* **Problem statement**
Copy word for word the lines in the records below, starting at the line with "Being Creative with Number 100" and ending at the line with "Number 8 stone in Arlington". Skip the pictures.

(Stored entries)
----------------------------------------
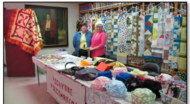
Come out and enjoy the two-day 11 th annual Piney Woods Heritage Festival, Nov. 15 & 16, 2013. Picayune Piecemakers featured above at the 2012 event.

Sign-up on our blog to receive email alerts when a new blog is posted? Join 43 other subscribers, today!
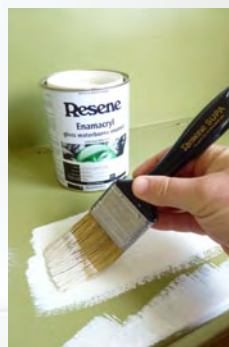
Step seven Apply one coat of Resene Lime White to the bench seat and allow two hours to dry.
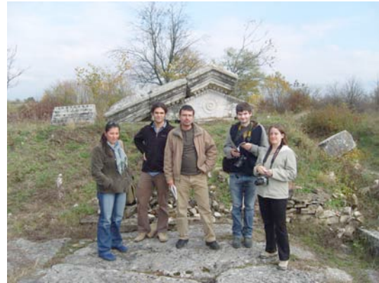
At the agora of Nicopolis ad Istrum
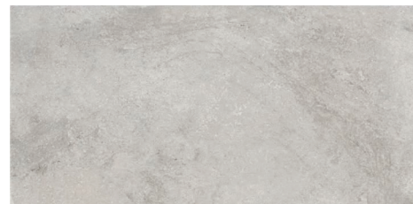
PEI 4 ● At. Choice Ash 30,3x61,3 M19 015.722.0344.04333 ● At. Choice Ash 45x45 M15 015.340.0344.04333
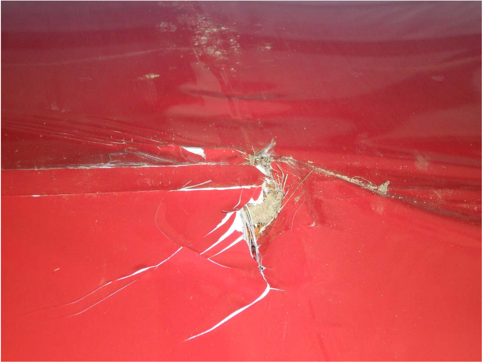
Photo 4 – View of the right upper rear spar damage.
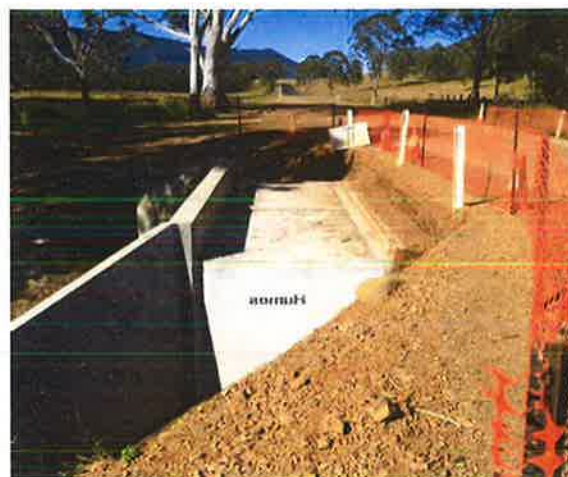
Box Culvert Extension at the Golden Mile (Section 3)
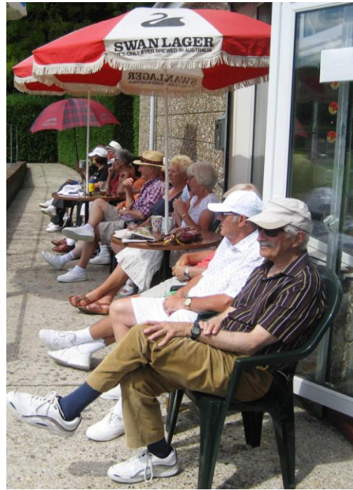
An attentive crowd

Six ends were played in the initial round. There were no markers and the jack was not centred. In the quarter final antique jacks were also used and 8 ends were played. We were blessed with blue skies and very warm conditions, which proved too much for some – well at least for Solo the dog and his master - the reigning champion!
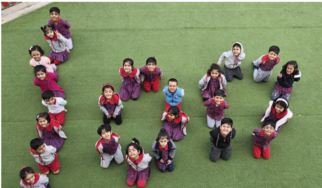
Being Creative with Number 100
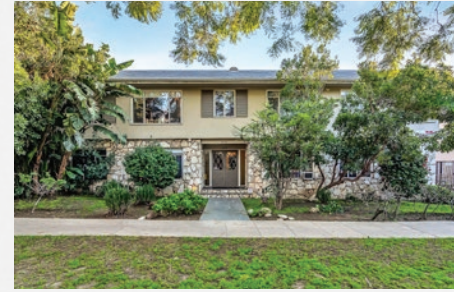
8218 DE LONGPRE AVE West Hollywood, CA 90046
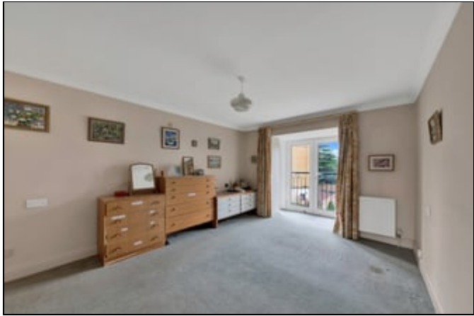
18' 6" x 11' 2" (5.64m x 3.40m) Juliet balcony with double glazed opening doors and double glazed side windows with south westerly aspect, built in wardrobe cupboards with floor to ceiling sliding mirrored doors, coved cornice, double radiator.
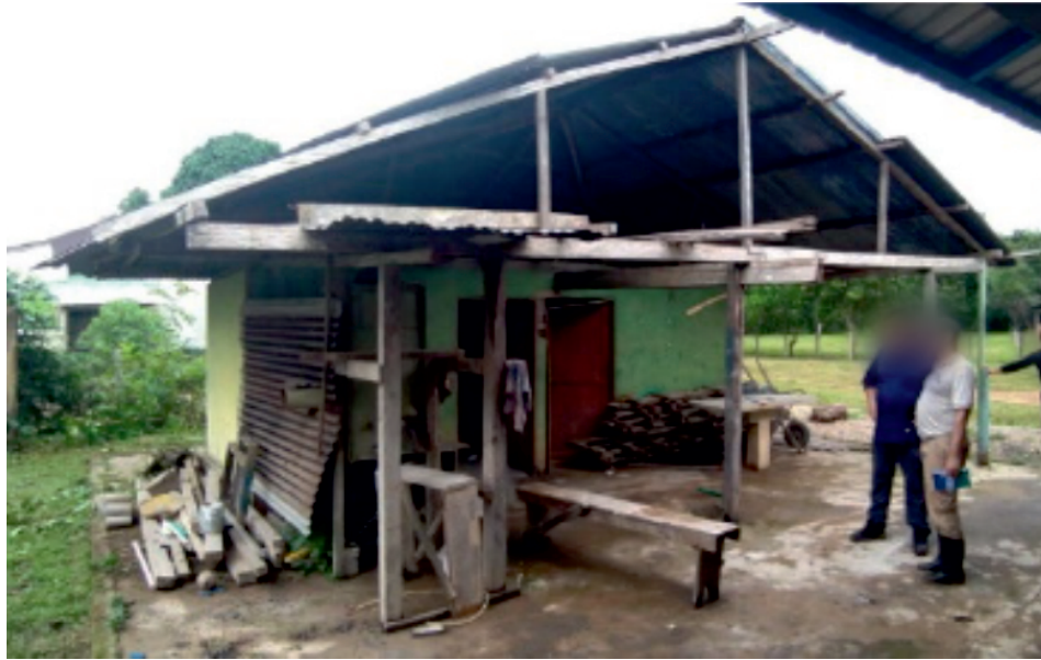
FIGURE 3. Old hut on Sabanas de La Fuga. Photo by the authors, 2020

roof structure are metallic, and the roof tiles are made of galvanized sheet metal color red. This construction system is widely used in Colombia, mainly in population centers where industrialized materials are readily available and where qualified labor for masonry and concrete is easily obtained. However, the environment in which these community centers are located is a jungle environment, more than 3 hours away travelling by deficient roads. Consequently, an architectural typology has been developed in the Amazon region, based mainly on the materials available locally and on the traditional knowledge of the peasant settlers and indigenous people who have populated these territories. Thus, wood has become the most common material used in structures and enclosing walls and zinc roof tiles the most common solution for roofs. (Figure 3, 4 and 5)
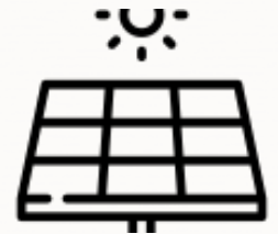
Solutions are ready to go and they'll make our lives better.

THE PLAN CALLS AND ENABLES OUR WHOLE SOCIETY TO PARTICIPATE IN A SINGLE GREAT NATIONAL AIM: THE RAPID TRANSITION TO A FORWARD-LOOKING SOCIETY OF BROAD OPPORTUNITY, EQUAL JUSTICE, PRODUCTIVE PROSPERITY, AND ENVIRONMENTAL SUSTAINABILITY.
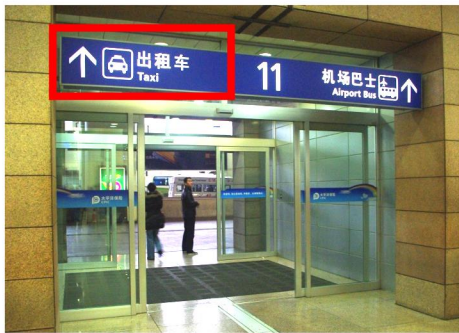
3. You can leave the arrival hall from Gate 11 which is next to the SPD Bank.
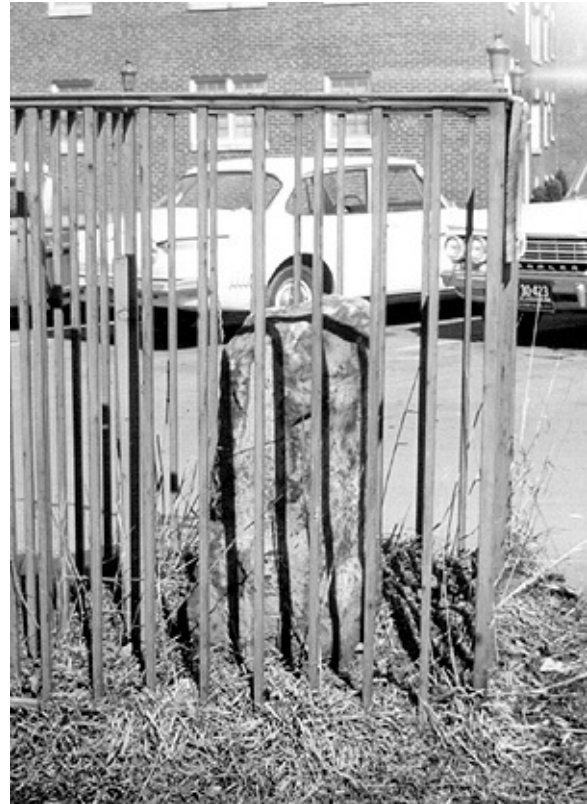
Number 8 stone in Arlington

The Number 8 stone on the southwest leg is located on McKinley Road near Wilson Boulevard (in the Willston Apartments area), about 100 feet from the water tower, and 200 feet from Wilson Boulevard. It may be approached from Wilson Boulevard by turning on to McKinley Road. It is across Wilson Boulevard from the Woodruff Estate. No markings are visible on the stone. It was on the Greer Farm. The plaque reads: "Original Federal Boundary Stone District of Columbia Erected 1791-1792 Protected by Dr. Elisha Dick Chapter Daughters of the American Revolution 1950". It was originally protected by the Dolly Madison Chapter, D.A.R.
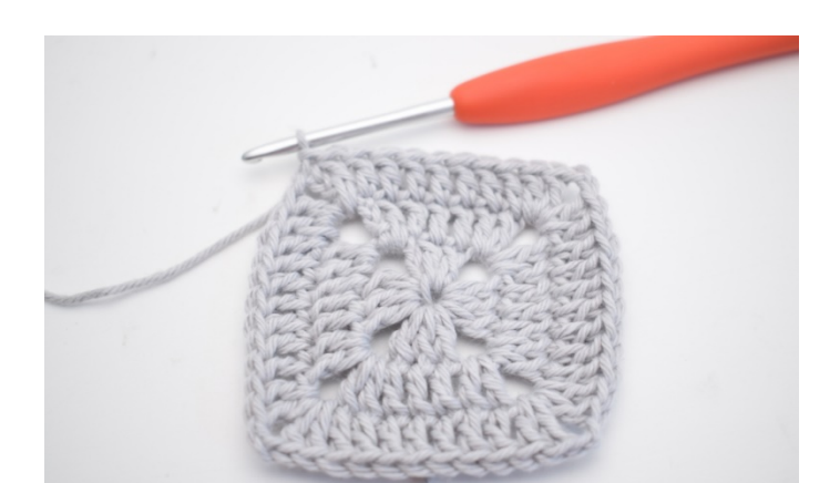
14. 1 dc in the next 7 st, 1 dc in the ch-sp from the start of the round, 1 sl st in the 3rd ch.
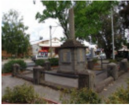
Meeniyan and Stony Creek WWI Memorial.jpg
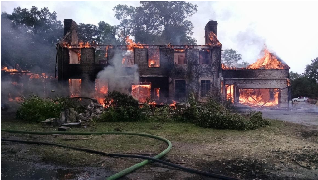
N Wilson Road training fire
----------------------------------------
* **Task result**
Being Creative with Number 100
8218 DE LONGPRE AVE West Hollywood, CA 90046
18' 6" x 11' 2" (5.64m x 3.40m) Juliet balcony with double glazed opening doors and double glazed side windows with south westerly aspect, built in wardrobe cupboards with floor to ceiling sliding mirrored doors, coved cornice, double radiator.
FIGURE 3. Old hut on Sabanas de La Fuga. Photo by the authors, 2020

roof structure are metallic, and the roof tiles are made of galvanized sheet metal color red. This construction system is widely used in Colombia, mainly in population centers where industrialized materials are readily available and where qualified labor for masonry and concrete is easily obtained. However, the environment in which these community centers are located is a jungle environment, more than 3 hours away travelling by deficient roads. Consequently, an architectural typology has been developed in the Amazon region, based mainly on the materials available locally and on the traditional knowledge of the peasant settlers and indigenous people who have populated these territories. Thus, wood has become the most common material used in structures and enclosing walls and zinc roof tiles the most common solution for roofs. (Figure 3, 4 and 5)
Solutions are ready to go and they'll make our lives better.

THE PLAN CALLS AND ENABLES OUR WHOLE SOCIETY TO PARTICIPATE IN A SINGLE GREAT NATIONAL AIM: THE RAPID TRANSITION TO A FORWARD-LOOKING SOCIETY OF BROAD OPPORTUNITY, EQUAL JUSTICE, PRODUCTIVE PROSPERITY, AND ENVIRONMENTAL SUSTAINABILITY.
3. You can leave the arrival hall from Gate 11 which is next to the SPD Bank.
Number 8 stone in Arlington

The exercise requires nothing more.